GE Aviation TrueCheck is GE’s AI-powered borescope inspection platform, deployed at GE Aviation MRO facilities and licensed to major MRO shops for CFM56 and LEAP engine inspection. TrueCheck uses a deep learning classification model trained on GE’s global engine inspection image corpus (multi-million annotated borescope frame dataset from GE’s 20,000+ annual engine shop visits) to classify HPT blades, HPC stages, and combustor liners against CMM serviceable limits. TrueCheck generates a digital inspection report with per-blade disposition classifications that feeds directly into GE’s MIRA (Maintenance Information Reporting and Analysis) system for engine records. Glyphward integrates with TrueCheck at the borescope frame ingestion boundary — the API endpoint that receives digitized endoscope video frames from the borescope inspection workstation before TrueCheck AI processes them. The integration uses TrueCheck’s pre-processing middleware hook to insert the Glyphward scan call; flagged frames are quarantined and routed to the GE TrueCheck human review queue with the Glyphward adversarial scan ID attached to the inspection record for audit traceability. Glyphward’s JSONL audit output is formatted for MIRA record attachment, providing a compliant AMC 20-16 adversarial detection evidence trail for each engine inspection session.

Is jet engine borescope image adversarial injection risk theoretical or has it been demonstrated?

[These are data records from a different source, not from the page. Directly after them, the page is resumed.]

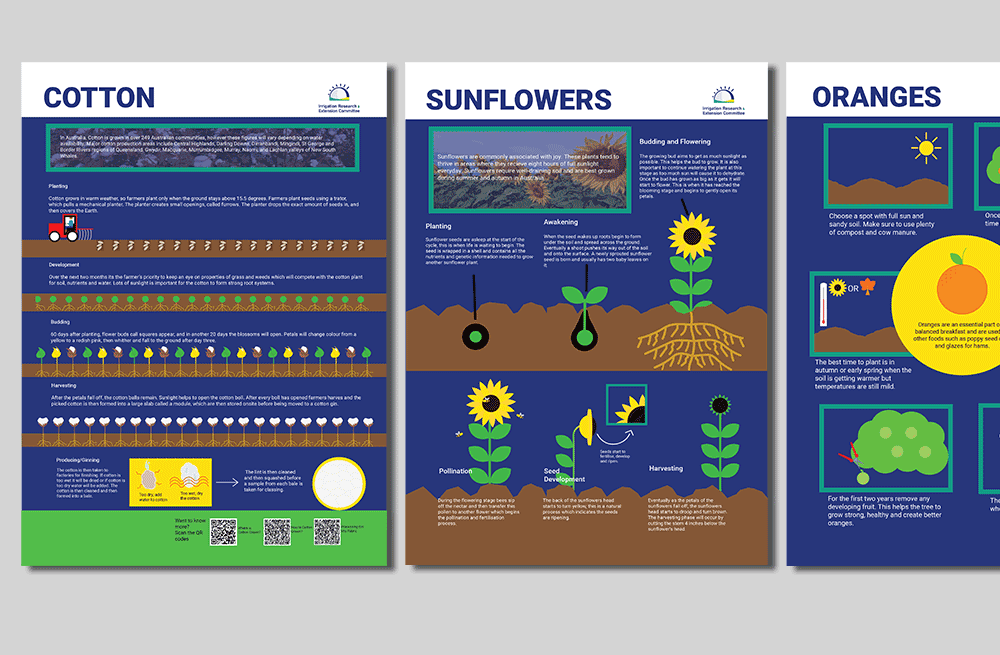 For my Deakin FreelancingHUB Internship I was briefed to create an educational poster series for our client, The Irrigation Research and Extension Committee.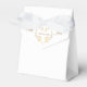 Visad är en tält stil-favoritlåda i Vita med ett finare Golden-färg tryckt hjärta mönster på den. Förbannat med ett vitt band överst. Newlyweds namn på varje sida av hjärtat och efternamnet inuti hjärtat. Konstruktion på överdrag. Anpassa det här objektet eller köp som det visas.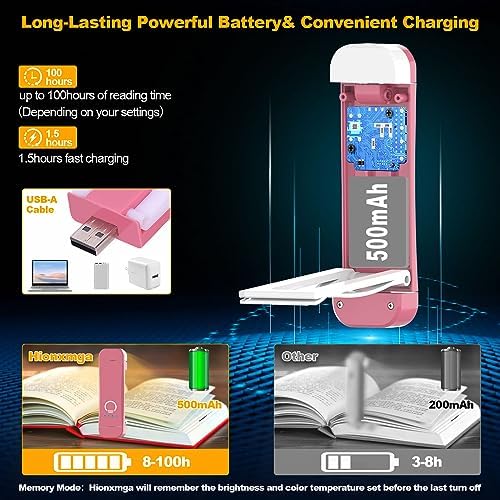 [USB Rechargeable &Long Lasting]:The built-in USB charging port design makes charging very convenient,simply plug it into a power bank,laptop,phone adapter,car charger,etc. This reading lights for books in bed has a 500mAh battery,providing 8-100 hours of reading time (depending on your settings).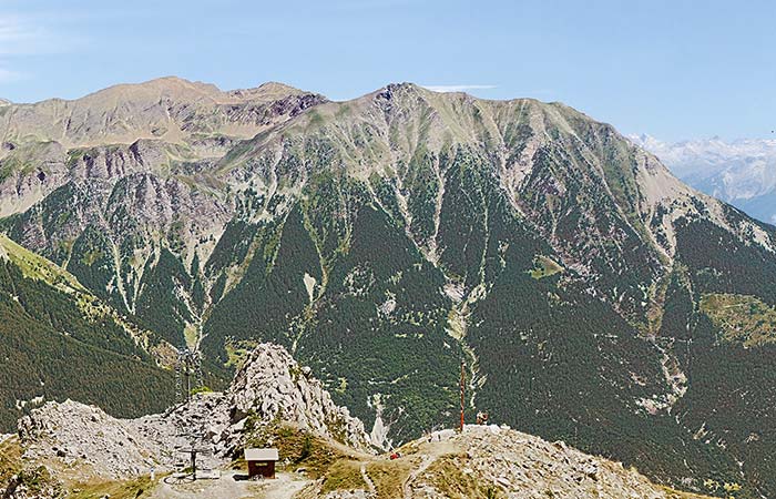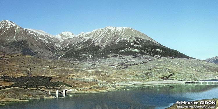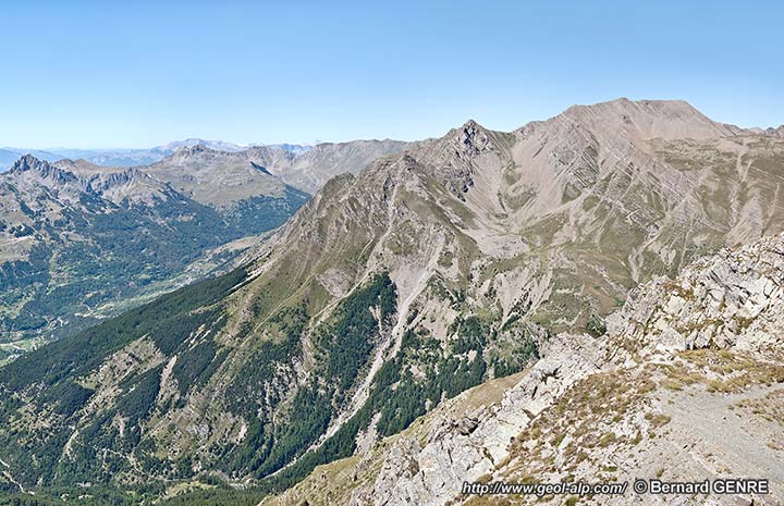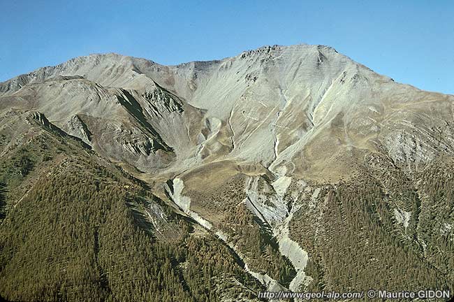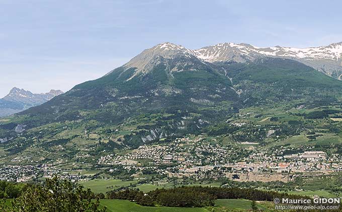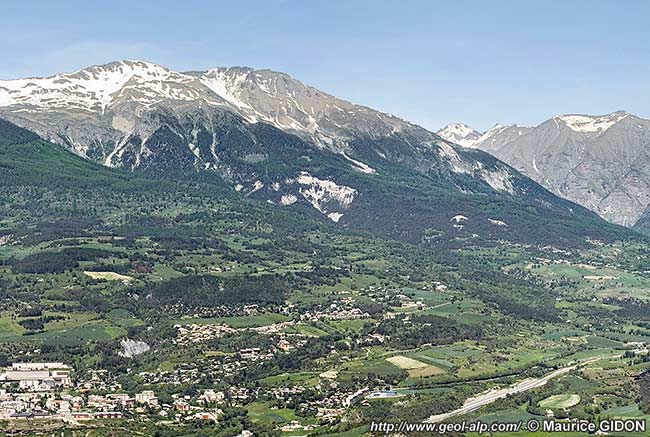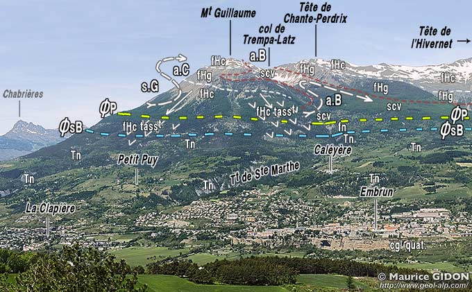 2 - La structure en plis couchés du flysch à Helminthoïdes du Mont Guillaume est bien visible sur la coupe naturelle, orthogonale à ces plis, que donne le versant sud-oriental de la montagne qui tombe sur Embrun et la vallée de la Durance (voir aussi la coupe ci-après).

The adversarial injection risk for borescope inspection AI has been partially demonstrated in academic research and is directly analogous to well-demonstrated attacks in related inspection AI domains. In the medical imaging domain — which uses architecturally identical convolutional classification networks to classify CT scan and X-ray images for lesion detection — adversarial injection into radiology AI has been demonstrated to reliably suppress tumor classification at clinical accuracy levels (Finlayson et al., Science 2019; Paschali et al., MICCAI 2018). Industrial inspection AI (defect detection on rendered sensor imagery) has been shown vulnerable to adversarial input perturbation in semiconductor wafer inspection (Lei et al., IEEE TII 2023), steel surface defect detection (Dong et al., IEEE Access 2022), and 3D printing layer-inspection AI (Barocas et al., Additive Manufacturing 2023) — all architecturally equivalent to borescope inspection AI in processing rendered sensor images through YOLO or ResNet-class convolutional classifiers. The specific domain of jet engine borescope AI has not been the subject of published adversarial robustness papers as of 2026, largely because access to annotated borescope inspection datasets is restricted by OEM proprietary data classification. However, the attack surface is mechanistically identical to demonstrated attacks in adjacent inspection AI domains, and EASA AMC 20-16’s 2023 adversarial robustness testing requirement reflects the regulator’s acknowledgement that this risk is credible and material in aviation MRO AI applications.